Do you understand my explanation?
By the way, that was a quick and dirty calculation, and it only looks at Power requirements. Usually when designing a battery bank you start with daily energy usage reuirements. The example of a 12V 40Ah battery only gives you about 500Wh, not accounting for the 80% DoD rule of thumb, which gives you 400Wh. For 1kWh, you'll double it to 4s16p, but that only gives you 1 day of autonomy if your charge controller breaks. The rule of thumb is 3 days of autonomy, for various reasons, so you'd triple that, giving you 4s48p. That assumes that you really need 1kwh daily AND that you're using 5Ah LFP cells which you're probably not. BUT that doesn't include charging efficiency, inverter efficiency, etc., etc. There are many variables to consider in designing a system.
I know it's lame 500w Battery pack. I will just introduce the technology and prove that it will work and not expensive.

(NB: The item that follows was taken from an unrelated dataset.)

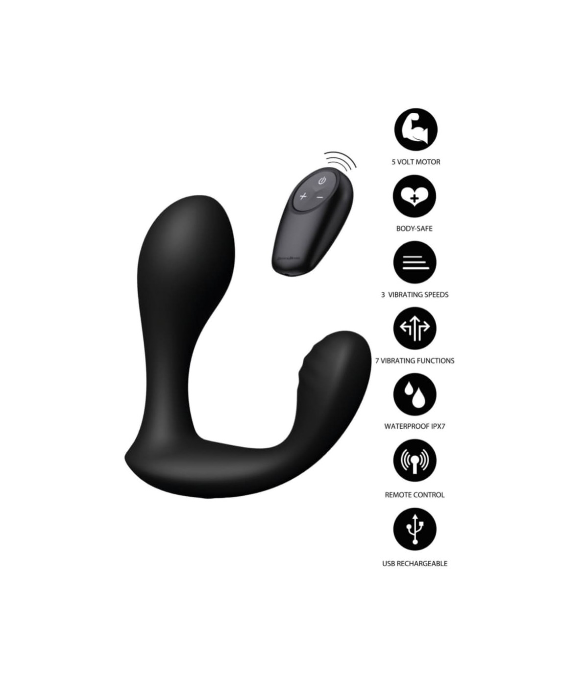 Stimulateur prostate en silicone. Avec télécommande sans fil et 10 modes de vibration pour une stimulation intense et personnalisée. Rechargeable USB.
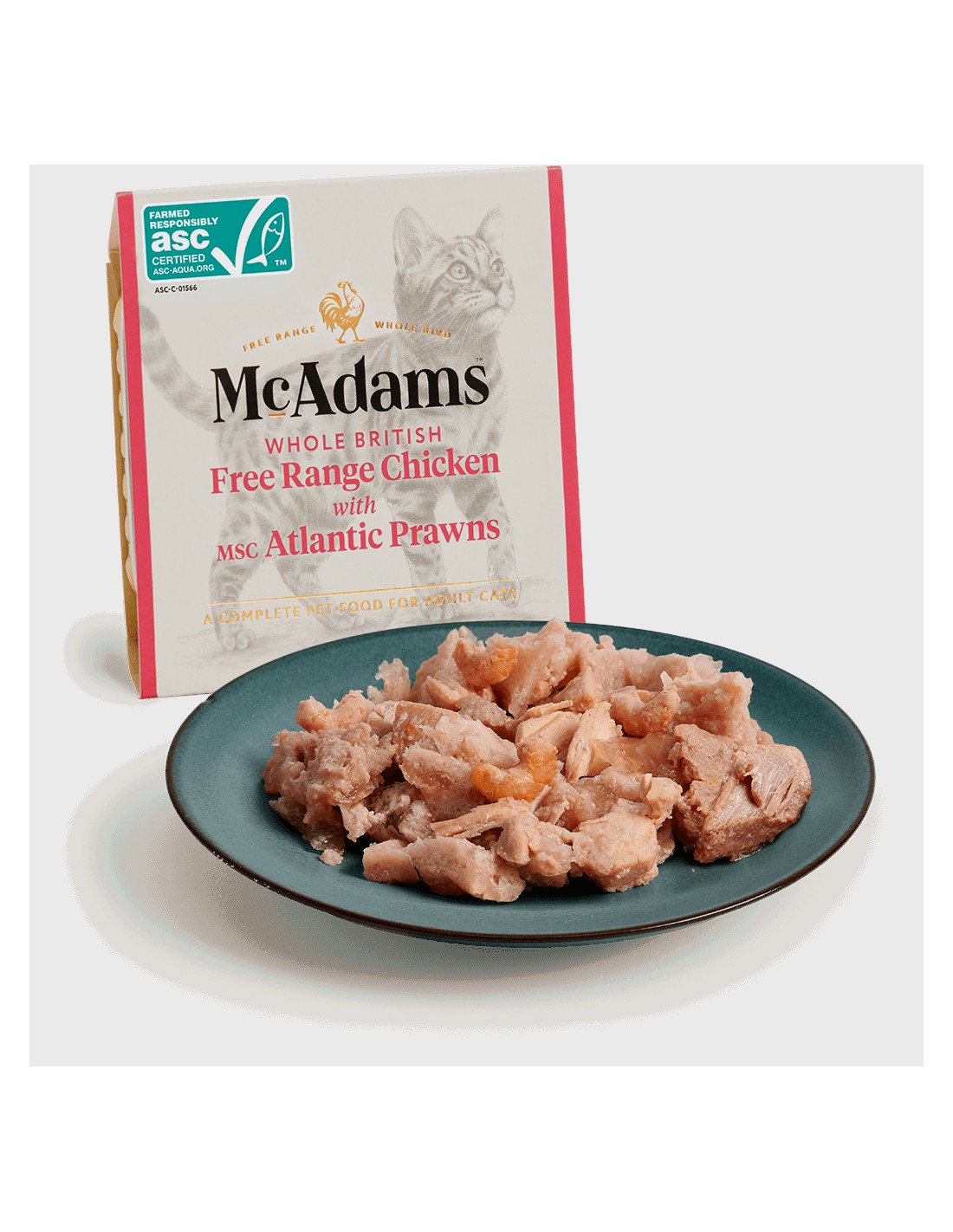 TARRINA DE POLLO CAMPERO Y GAMBAS DEL ATLÁNTICO PARA GATOS MCADAMS - 100 GR

They see Solar panel system here in the Philippines is a luxury item(they even use lead acid battery which is we all now is not efficient, etc).
I will try to understand first what you are trying to explain to me before I ask again to you.
I'm just more on Computer programming and not familiar with Electrical even though I'm using Arduino and raspberry pi, I will use my knowledge to create software or app for the system.
Thank you all for replying to my questions.